Rimbaud (Arthur) (suite)
Malgré la volonté de « tenir le pas gagné », de faire durer coûte que coûte les « illuminations » (pour reprendre le titre d’un autre recueil, Illuminations, [1886]), la désillusion succède à l’espoir. Damné, il n’est pas possible de demeurer longtemps dans les sphères de l’impossible : la charité apprise dans l’enfance, la moralité dont il est pétri s’en offusquent. Qu’il le veuille ou non, Rimbaud fait partie de ce monde occidental qu’il malmène et maltraite. Il ne peut y échapper malgré tous ses efforts. Il se sent coupable. La honte apparaît : « Je vois que mes malaises viennent de ne pas m’être figuré assez tôt que nous sommes à l’occident. » Monsieur Prud’homme y règne en maître tout-puissant. Le Christ, « éternel voleur d’énergies », domine dans un silence efficace. Même vilipendé, méprisé, il n’en continue pas moins de culpabiliser celui qui cherche le « dégagement », le « brisement de la grâce croisée de violence nouvelle ». La saison passée dans l’Enfer apparaît alors comme une évasion, une incapacité à vivre dans la réalité, un refuge, alors qu’elle devait être un moyen pour connaître autre chose : la « vraie vie » ; les mots réinventés. La résignation semble s’installer : « Nous existerons en nous amusant, en rêvant amours monstres et univers fantastiques, en nous plaignant, en nous querellant les apparences du monde. » L’Éternité ne peut être conquise. Mais l’espoir encore demeure : « Quand irons-nous, par-delà les grèves et les monts, saluer la naissance du travail nouveau, la sagesse nouvelle, la fuite des tyrans et des démons, la fin des superstitions, adorer — les premiers ! — Noël sur la terre ? » Certes, nous sommes encore « esclaves », mais « ne maudissons pas la vie ». Pourtant, Rimbaud ne fera pas de carrière littéraire. Il cessera d’écrire à l’âge de vingt ans. « Eh bien, je dois enterrer mon imagination et mes souvenirs ! Une belle gloire d’artiste et de conteur emportée ! Moi qui me suis dit page ou ange, dispensé de toute morale, je suis rendu au sol, avec un devoir à chercher, et la réalité rugueuse à étreindre ! Paysan. » L’écriture s’est révélée impuissante à dégager une morale nouvelle et universelle, à trouver un langage suffisant. Il faut se contenter de vivre et de chercher, sur la terre, d’une autre manière, à « posséder la vérité dans une âme et dans un corps ».

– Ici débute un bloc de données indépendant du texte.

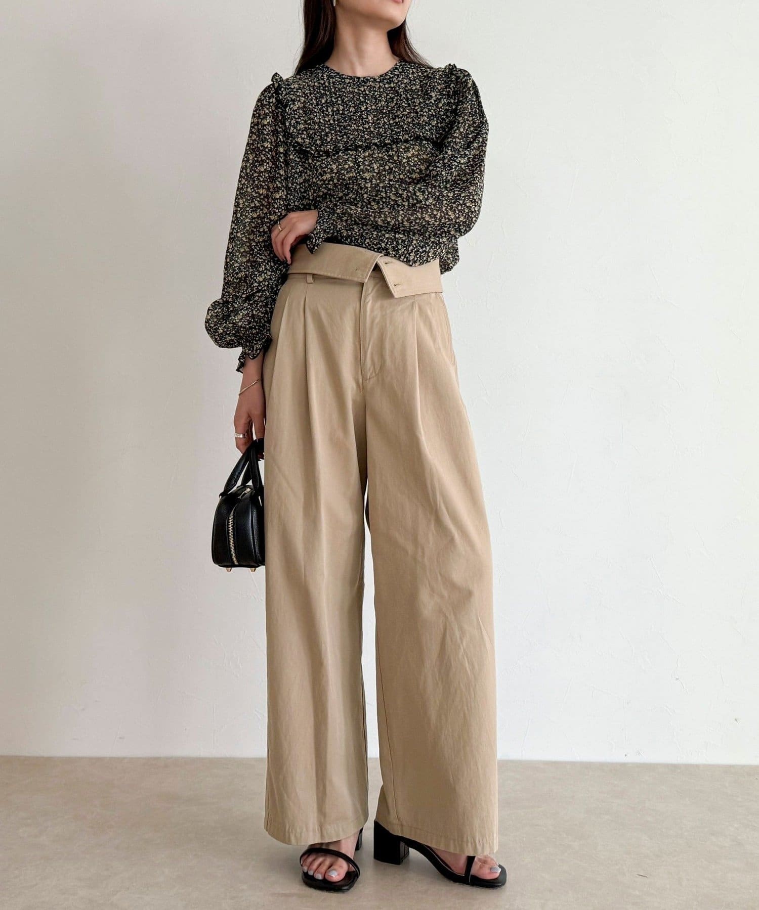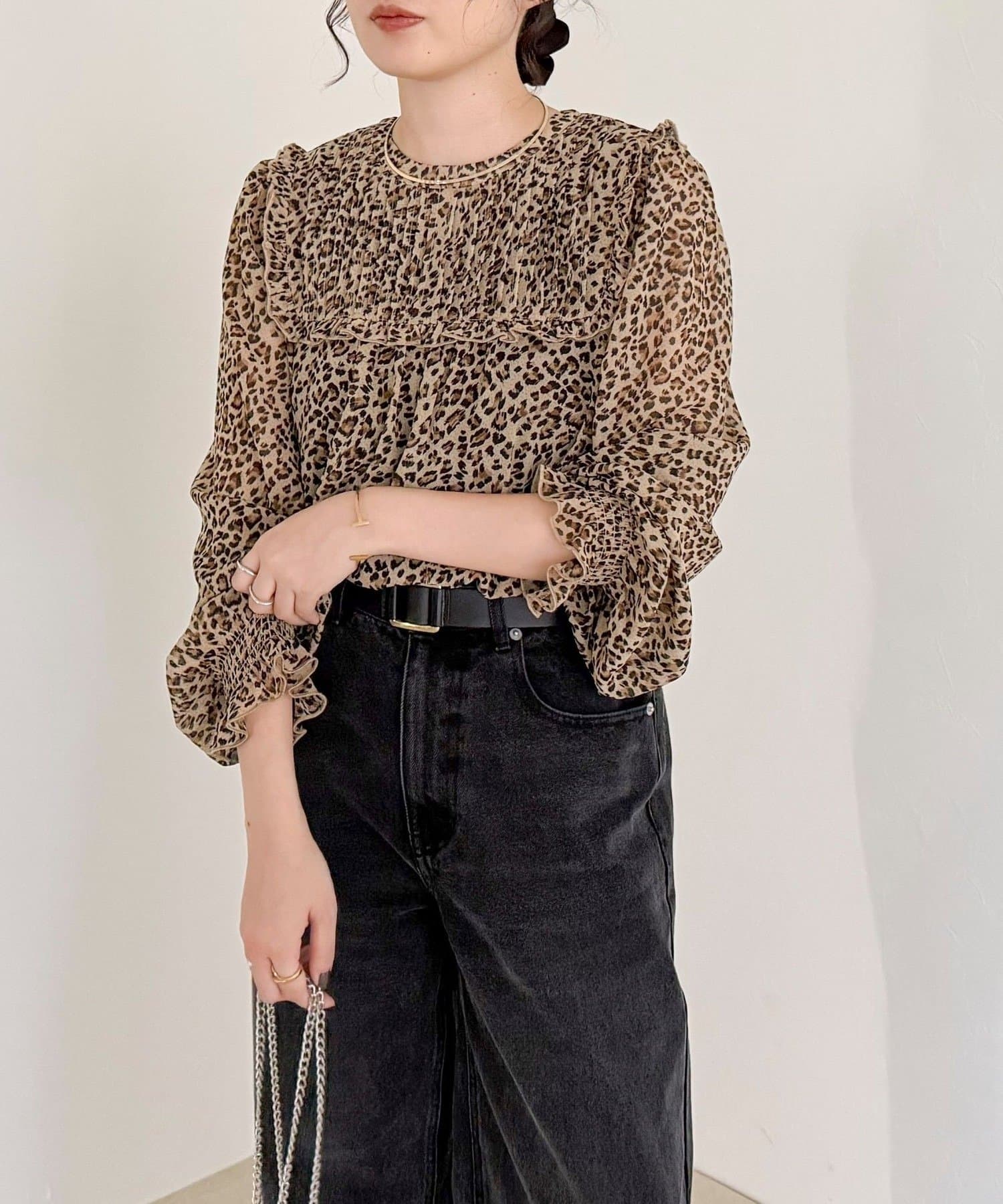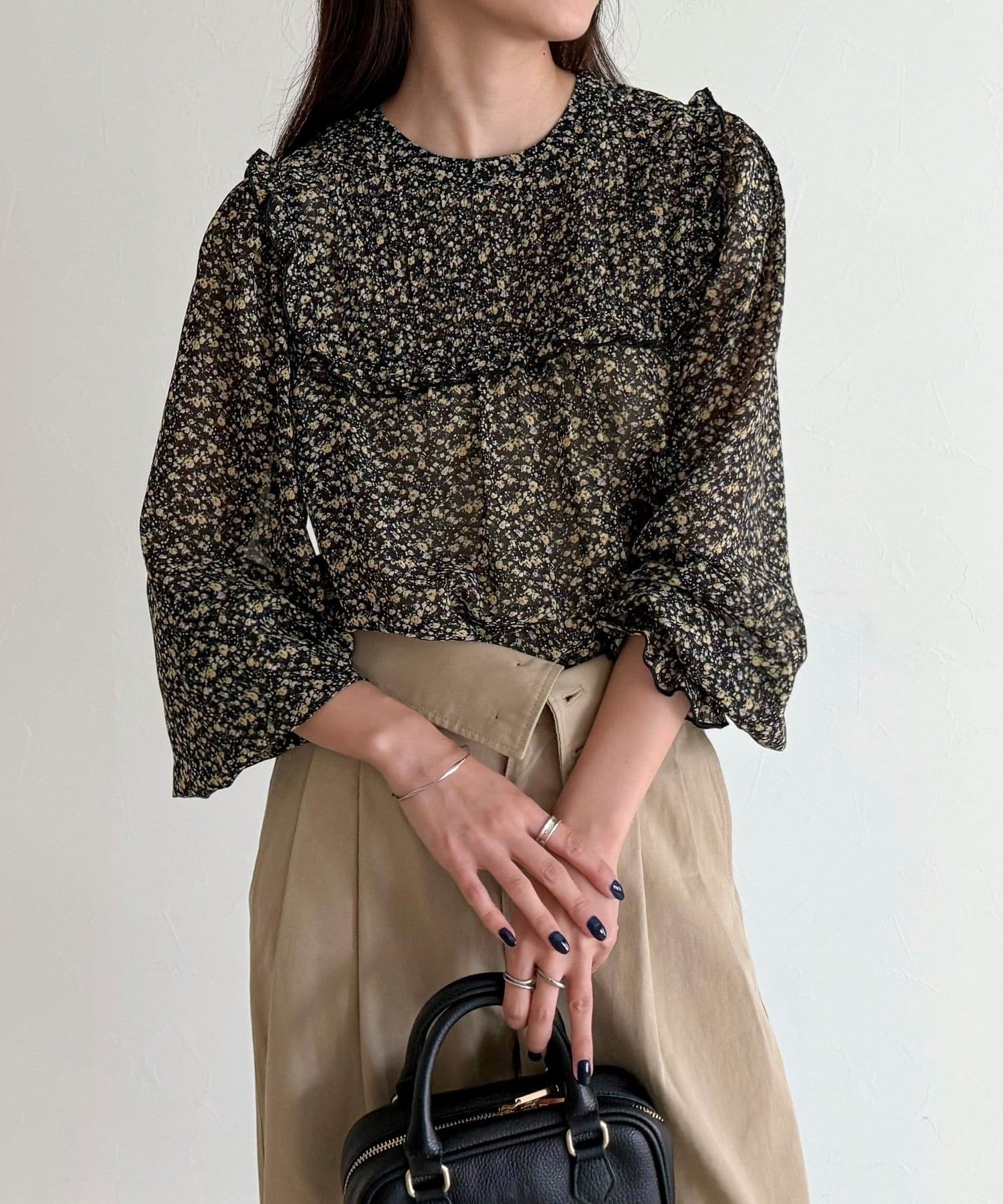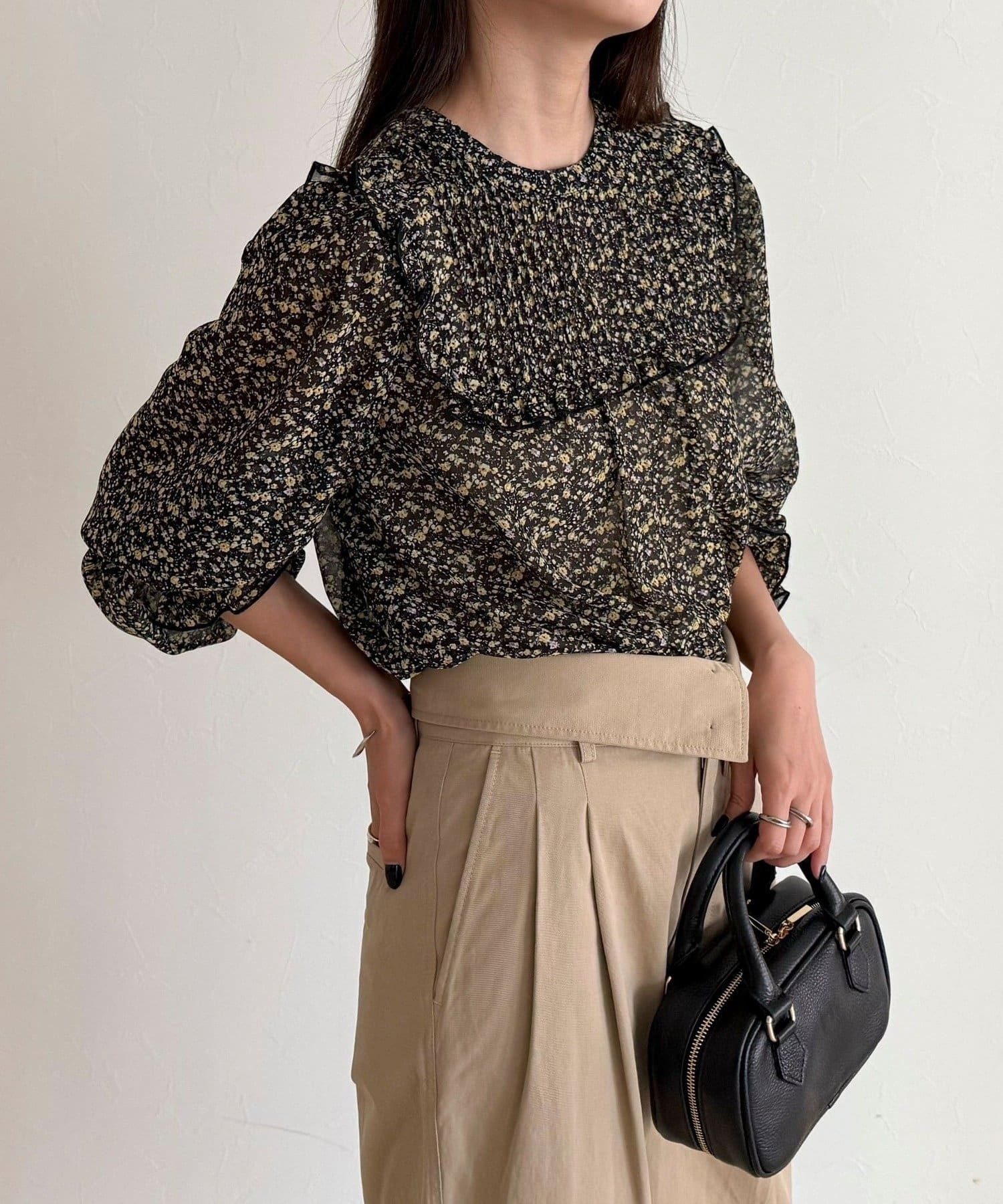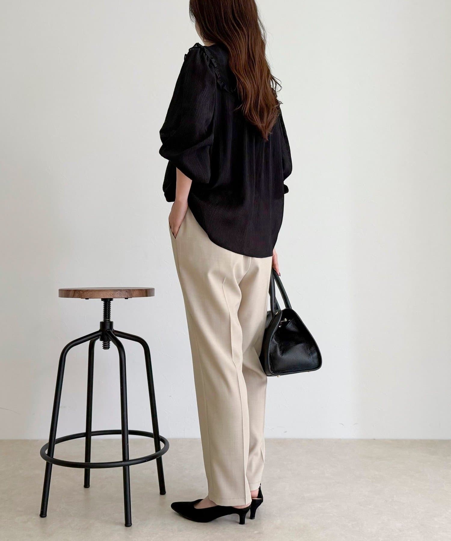 ・胸元のピンタックとたっぷりのギャザーが女性らしい柔らかなシルエットを演出

Cri continu, incessant, l’œuvre de Rimbaud marque l’évidence de l’impuissance de la science de l’écriture qu’il voulait instaurer, l’évidence de l’impossibilité de forger, sur-le-champ, une « vraie vie ». L’attente du poète ne peut durer indéfiniment. Quand ce qui est à dire a été dit, quand ce qui fut espéré n’advient pas, la « main à la charrue » devient obligatoire. L’écriture annonce. Mais, si ce qu’elle promet tarde trop longtemps, il n’est pas nécessaire de la prolonger, de ressasser incessamment ce qu’elle a déjà dit, ce qu’elle ne peut atteindre. « La science ne va pas assez vite pour nous. » Il est alors préférable de se taire, de se faire marchand, la « main à la charrue » et les pieds sur la terre. Le « déluge » provoqué par la saison passée dans l’Enfer de la connaissance exigée n’a pas changé la vie. Celui qui « crut acquérir des pouvoirs surnaturels » est toujours identique à lui-même. Pourtant, la vie a suivi son cours. L’adolescent, prématurément devenu homme, décide d’étreindre la réalité telle qu’elle est, de s’en contenter dans sa quotidienneté. Ce choix n’altère pas le poète, mais le confirme comme un homme à part entière, vivant sur la terre. Faute d’avoir pu « créer », il essaie de se satisfaire le mieux possible dans le quotidien, non sans garder la nostalgie entrevue durant sa descente aux Enfers.
M. B.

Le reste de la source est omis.